- Incumbent Marian Chombo since 12 September 2023
- Minister of State for Provincial Affairs
- Style: The Honourable
- Member of: Cabinet of Zimbabwe; Parliament of Zimbabwe;
- Reports to: The President
- Seat: New Government Complex, 7 Robert Mugabe, Chinhoyi
- Appointer: The President
- Term length: Five years, renewable for a second or subsequent term of office
- Constituting instrument: Provincial Councils and Administration Act (Chapter 29:11)
- Precursor: Provincial Governor of Mashonaland West
- Formation: 22 August 2013
- Deputy: Permanent Secretary for Provincial Affairs and Devolution
- Website: mashwest.gov.zw

= Minister of State for Provincial Affairs and Devolution for Mashonaland West =

The Minister of State for Provincial Affairs and Devolution for Mashonaland West is the Provincial Minister of State for Mashonaland East in Zimbabwe.

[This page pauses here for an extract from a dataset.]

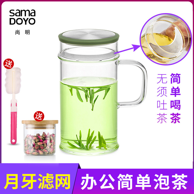 尚明玻璃杯带过滤网泡茶杯家用带盖透明水杯子带把办公室男喝茶杯
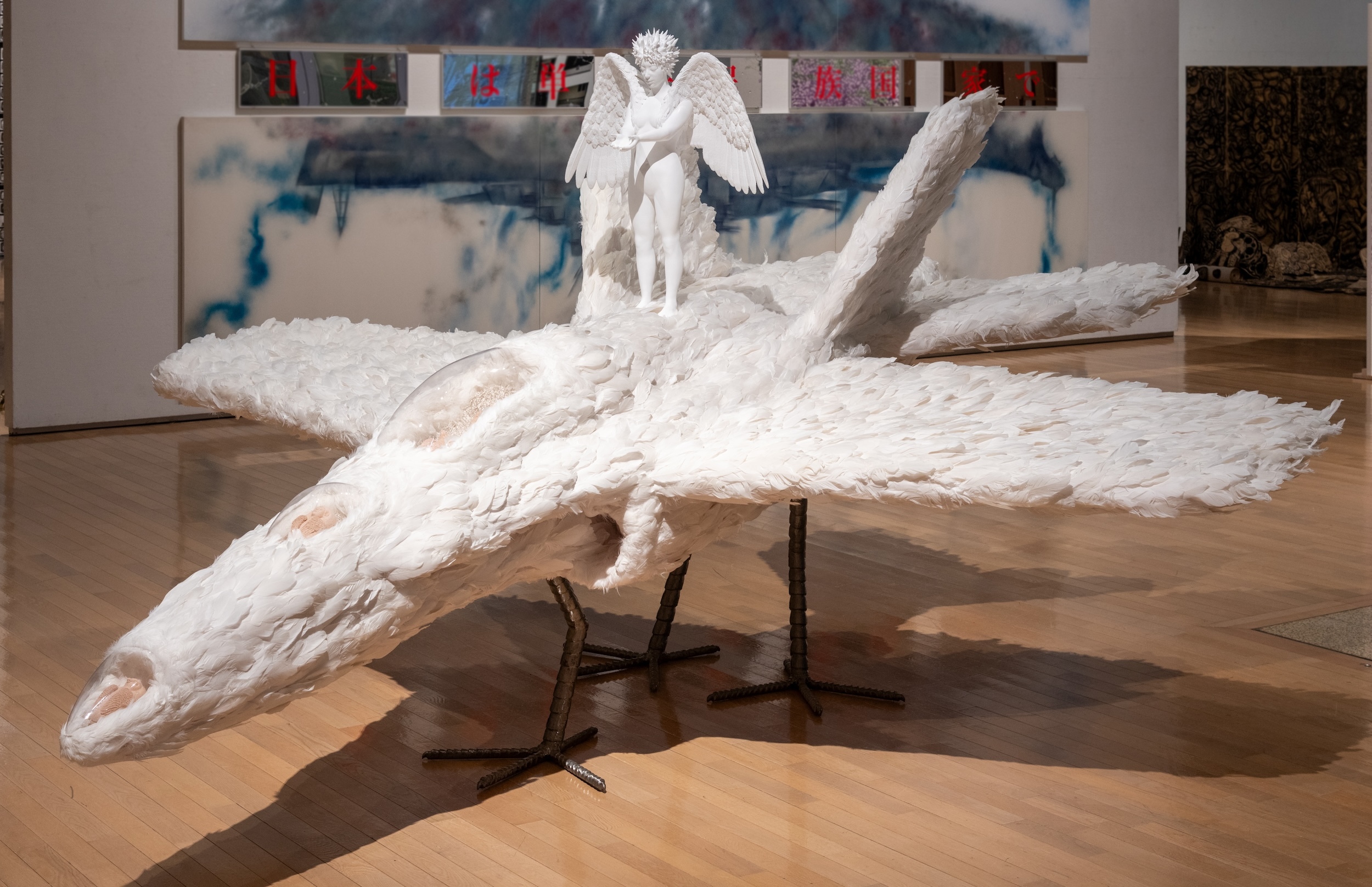 一見して単に戦闘機をかたどった彫刻作品かと思ったが、細部に眼を凝らせば、実は「棺桶」であることに気づく。コクピットの部分には4つの小さな棺が収められており、その中には蛇に飲まれた4羽のメジロの雛の死骸が入っている。戦闘機がまとう鳥の羽根は、なんと約3万枚。弱きものの死を悼み、その再生を願う作者の心情が結晶した作品である。戦闘機の上に載る天使の造形も見事である。(山下 裕二)

The minister oversees provincial affairs and sits in the Parliament of Zimbabwe. The minister is appointed by the President of Zimbabwe and is appointed for a term of five years, which can be renewed for a second or subsequent term. Historically, the minister held the title Governor of Mashonaland West, but the office has since been renamed to align with the 2013 Constitution of Zimbabwe, which does not allow for Provincial Governors.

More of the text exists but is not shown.